For this, we will provide a high level API. The low-level Arvados API access can be provided either by googleAuthR (as described in #11876) or by hand. If not using googleAuthR, the low-level API should not be accessible by the user, so that we can replace it with an auto-generated API later.
High level requirements:
- User can get a specific collection by UUID or portable_data_hash (PDH).
- User can get a list of collections, with standard Arvados filters.
- User can create a new, empty collection in a specific project (project is owner_uuid)
- Collection object supports these operations (using WebDAV unless otherwise noted)
- Update collection name (via Arvados API)
- Open a file or directory that already exists and get a File or Directory object
- Read the listing of a Directory
- Get size of a file
- Read the contents of a File.

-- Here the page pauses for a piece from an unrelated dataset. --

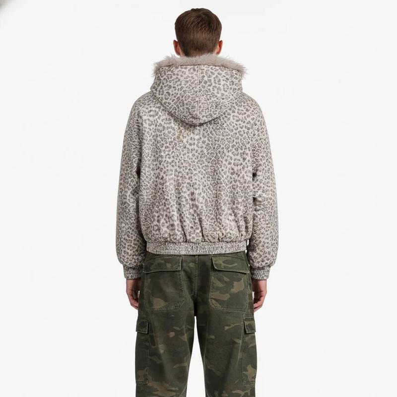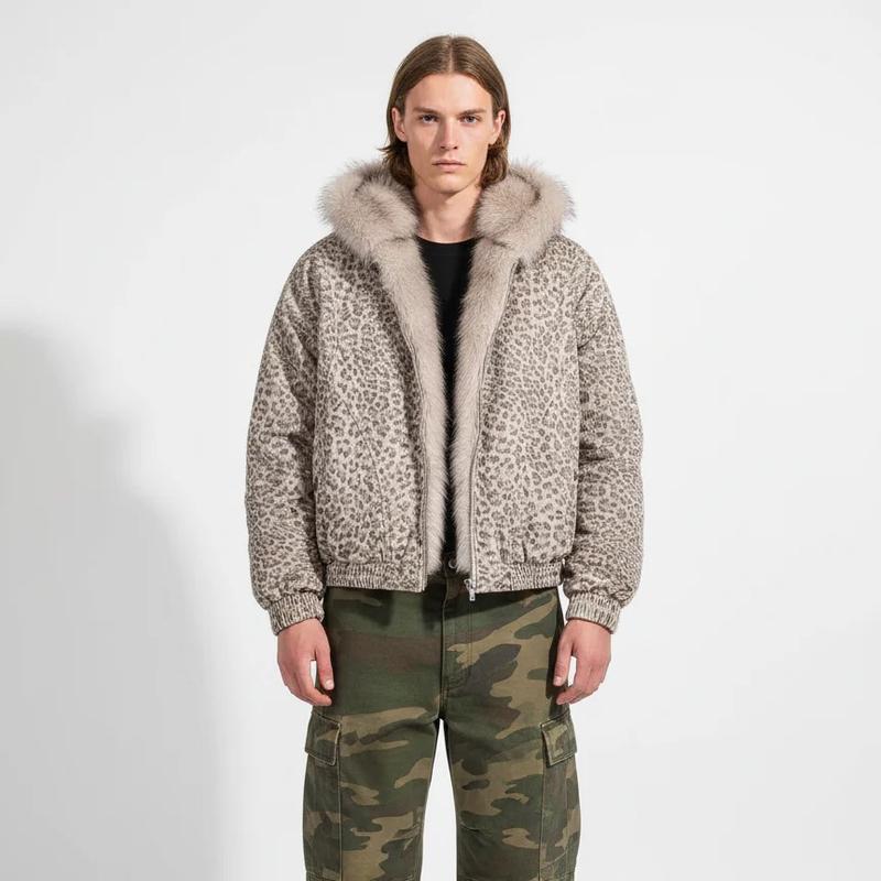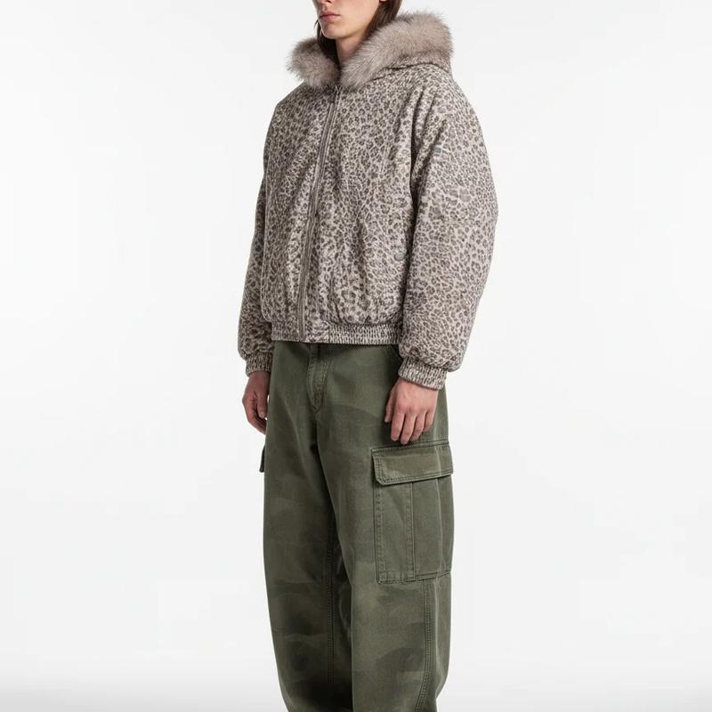Cotton Cheetah Print Mink Fur Hooded Jacket - 2270

API should support reading a portion of the file at a certain offset and length
- Put some text or bytes to file (replaces entire file)
- Create a new File object under a certain path
- Delete a File under a certain path
- Move/rename a file or directory from one path to another within the same collection
If such a thing exists, implement R equivalent of "file-like objects" so that open Collection File objects can be used as input to R functions.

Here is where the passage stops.